I have a data frame that is not z-score converted. I want to delete from the data frame (and convert to NA) only those values that are higher or equal to 4, without dropping any row or column.
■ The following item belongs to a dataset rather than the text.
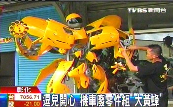 用摩托車(chē)零件組裝的“大黃蜂”。圖片來(lái)源:臺(tái)灣TVBS
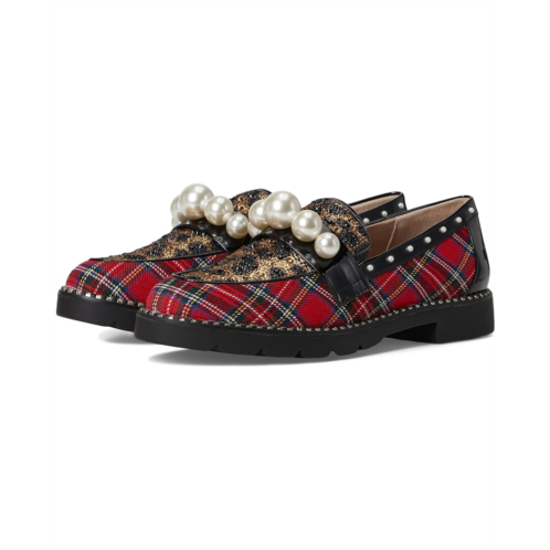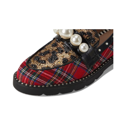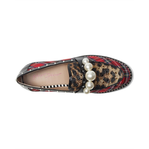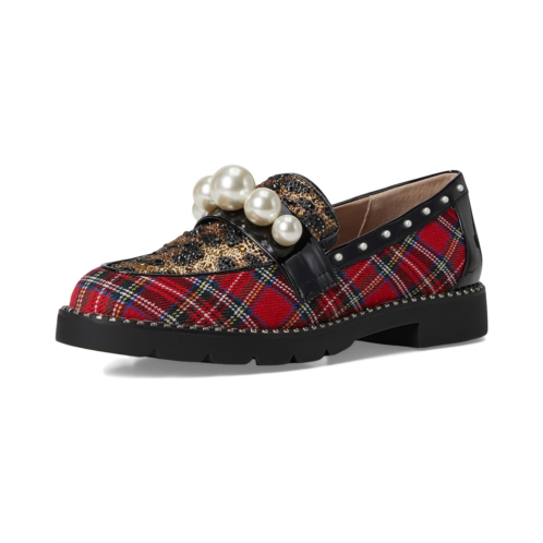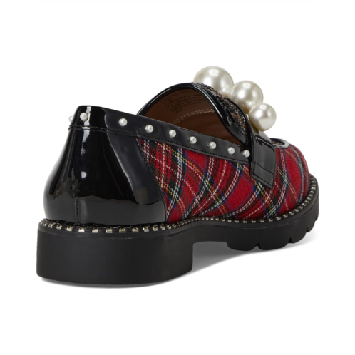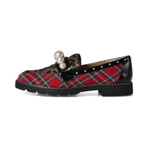 The Blue by Betsey Johnson Harloe loafer is cool girl approved, featuring a fun pearl embellishment on a sequin leather faux upper. The slip-on style loafers come with a polyurethane lining, a rubber insole, and a solid block heel.

I would appreciate an answer.
Best
CodePudding user response:
You can use the following code:
df <- data.frame(v1 = c(1,3,6,7,3),
v2 = c(2,1,4,6,7),
v3 = c(1,2,3,4,5))
df
#> v1 v2 v3
#> 1 1 2 1
#> 2 3 1 2
#> 3 6 4 3
#> 4 7 6 4
#> 5 3 7 5
is.na(df) <- df >= 4
df
#> v1 v2 v3
#> 1 1 2 1
#> 2 3 1 2
#> 3 NA NA 3
#> 4 NA NA NA
#> 5 3 NA NA
Created on 2022-07-10 by the reprex package (v2.0.1)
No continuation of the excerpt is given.